I stood unsteadily and looked away. "I fucked up. I forgot a tape
recorder. I guess she doesn't like that."

"She
doesn't like a lot of stuff. I wouldn't worry about it." He set his laptop
on the table and plugged it in. "Don't worry, I'm not sticking around.
Just recharging."

He
fiddled with the computer then glanced at me.

"I
don't know what the hell I'm doing here," I said. Something about him made
me feel calmer, or maybe I was just exhausted. I ran a hand through my filthy
hair. "Christ, what am I doing? You saw me last night! Why the fuck didn't
you tell her I was coming out to talk to her?"

He
looked at me, bemused. "I don't know you from Adam. But even if I had told
her, she wouldn't have let you in."

"Whatever."
I sighed. "She did say you could show me her pictures. If you don't
mind."

"No.
I don't mind." His voice made him sound younger than he was. "I just
flew up for a few days to deliver something."

"You
live here?"

"Chicago."

"Your
mother said you're a book dealer." I hesitated, then said, "I work at
the Strand."

"Yeah?
I don't do much business with them anymore. Too expensive. The internet's
ruined it for everyone. That's why I had to close my shop."

"You
don't do photography, then?
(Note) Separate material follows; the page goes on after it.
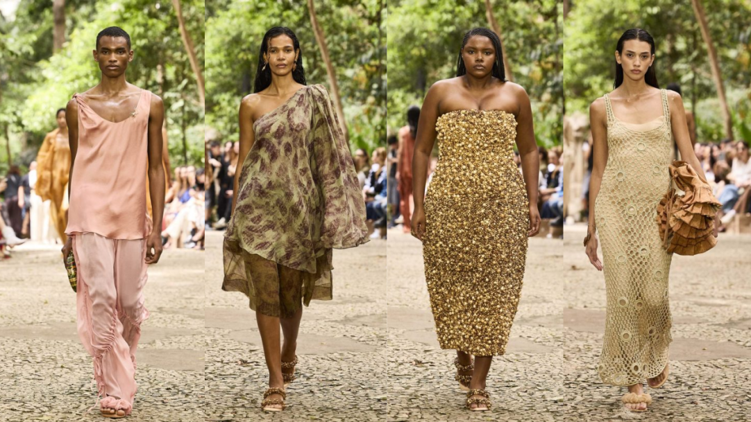 Designer aposta em fibras nativas e tingimentos botânicos para pintar sua coleção verão e apresenta parcerias para produção escalável durante o SPFW 26

It's not the family business?"

"Christ
no. I've never wanted to know anything about what she does. Not that she's done
much of it since I've been alive. She blamed me for it."

"For...?"

"You
name it," he said. "Her marriage. Her work. Her drinking. All of it.
She needed an excuse. I was it."

I
digested this. After a moment I asked, "Why are you here, then?"